How the delta variant came to dominate CT COVID cases
If you test positive for COVID-19 in Connecticut right now, chances are you have the delta variant.
The strain, which first emerged in India last fall, is now predominant throughout the United States. All but a small fraction of positive test kits from Connecticut submitted for genome sequencing recently were found to be the highly infectious strain, according to the Yale School of Public Health.
The delta variant, thought to be twice as transmissible as the original strain of the novel strain, beat out other variants of the virus as it rose to prominence. Those included some variants like lambda, mu and gamma that researchers believe may be able to escape the body’s immune response to the virus, potentially blunting vaccines and some treatments.
“Delta is a lot more transmissible than those other variants,”said Rebecca Earnest, a Ph.D student at the Yale School of Public Health who is studying how alpha and delta became dominant in the state.
Those other variants “might be better at, for example, evading antibodies produced by vaccination or prior infection, but delta is just transmitting faster,” she said during a phone interview. “It’s just better able to spread person to person, get into the vulnerable populations— delta’s just really beating them to the punch.”
Researchers at the Yale School of Public Health are tracking variants and are looking, in part, for anything that could sustain itself against delta.
That includes tracking the various sub-lineages of the virus collectively called delta.
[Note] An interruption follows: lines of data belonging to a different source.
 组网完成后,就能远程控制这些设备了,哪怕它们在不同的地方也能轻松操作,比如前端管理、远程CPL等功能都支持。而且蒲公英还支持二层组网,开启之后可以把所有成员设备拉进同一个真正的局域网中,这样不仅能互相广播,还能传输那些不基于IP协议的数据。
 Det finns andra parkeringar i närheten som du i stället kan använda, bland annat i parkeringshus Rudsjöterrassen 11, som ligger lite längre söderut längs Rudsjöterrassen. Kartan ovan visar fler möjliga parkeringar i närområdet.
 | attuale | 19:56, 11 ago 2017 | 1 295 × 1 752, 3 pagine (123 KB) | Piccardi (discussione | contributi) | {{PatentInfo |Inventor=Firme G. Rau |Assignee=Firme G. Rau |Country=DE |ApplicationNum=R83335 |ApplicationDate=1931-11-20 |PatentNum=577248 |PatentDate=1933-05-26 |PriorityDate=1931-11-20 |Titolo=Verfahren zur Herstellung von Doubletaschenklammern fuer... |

Right now researchers don’t see any that are more transmissible than others “but it is possible that the next variant to rise to dominance might emerge from within delta itself,” Earnest said.
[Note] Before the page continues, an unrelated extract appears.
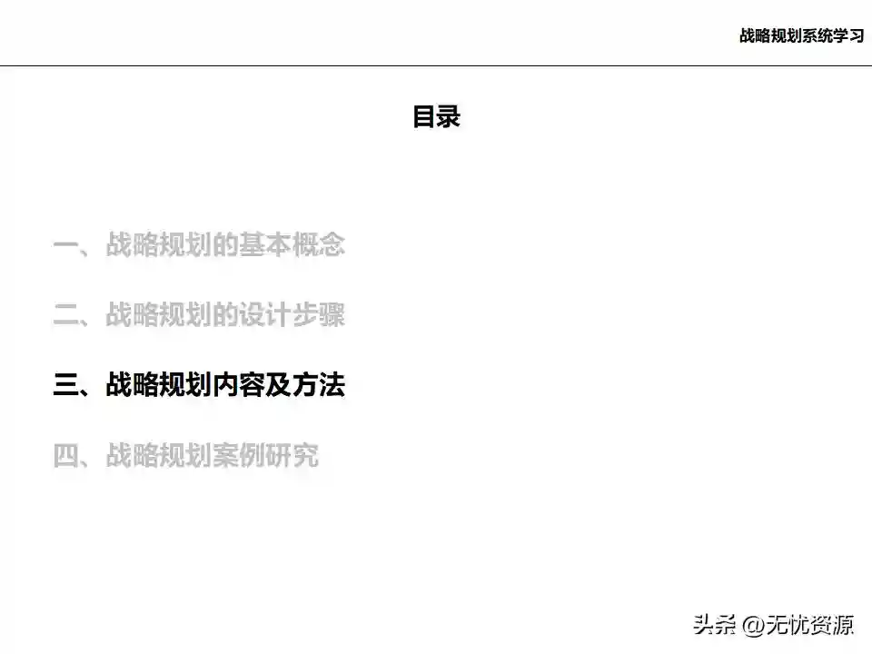 三、战略规划内容及方法(一)战略规划内容战略规划内容涵盖企业的发展战略、业务组合、核心能力、竞争优势、组织结构、管理流程、财务预测等多个方面。通过对企业内外部环境的深入分析,明确企业的长期目标和发展方向,制定相应的战略举措和行动计划。

Connecticut has seen three distinct waves during the pandemic, the state’s hospital data show. The first coincided with the emergence of the original strain of COVID-19 in the spring of 2020, which lasted from March through June. The second wave began that fall and stretched into the spring of 2021. The state also saw a small wave at the tail of the second from late March through May, a period that coincided with the alpha strain becoming dominant in the U.S.
The third wave, which the state is currently still experiencing, began toward the second half of July as the delta variant spread throughout the U.S.
Precisely how much the wave last fall was driven by alpha, thought to be about 60 percent more transmissible than the original strain of the virus, is the matter of some debate.
Alpha and delta certainly contributed to a rise in COVID-19 cases, said Dr. Ulysses Wu, chief epidemiologist for Hartford HealthCare, but he also attributed the waves to social behaviors and even the weather. Last winter and during the start of the first surge 20 months ago, the colder weather kept people indoors where transmission is more likely, he said.
Alpha was the most commonly found variant in Connecticut through much of the spring, the Yale data shows, but other variants were also circulating alongside it.
“The question is ‘well what about delta?’ That’s happening during the summer,” Wu said. “That, I think, is mostly variant related, but we also had a very hot and wet summer as well so I think a lot of people were also staying inside for air conditioning.”
Delta made up all of the cases of COVID-19 genetically sequenced in the last three weeks in Connecticut, according to the latest report from Yale.
The availability of vaccines may have also inadvertently caused infections to spread, as people threw caution to the wind and the state reopened. Connecticut’s indoor mask mandate ended on May 19, the same day bars were reopened.
Those who were vaccinated took their masks off and returned to social behaviors that increased the risk of transmission, Wu said. Meanwhile, those who were unvaccinated – maybe experiencing a kind of fear of missing out – piggybacked on those who got the vaccine “and their ‘freedom’ that they were able to do,” Wu said.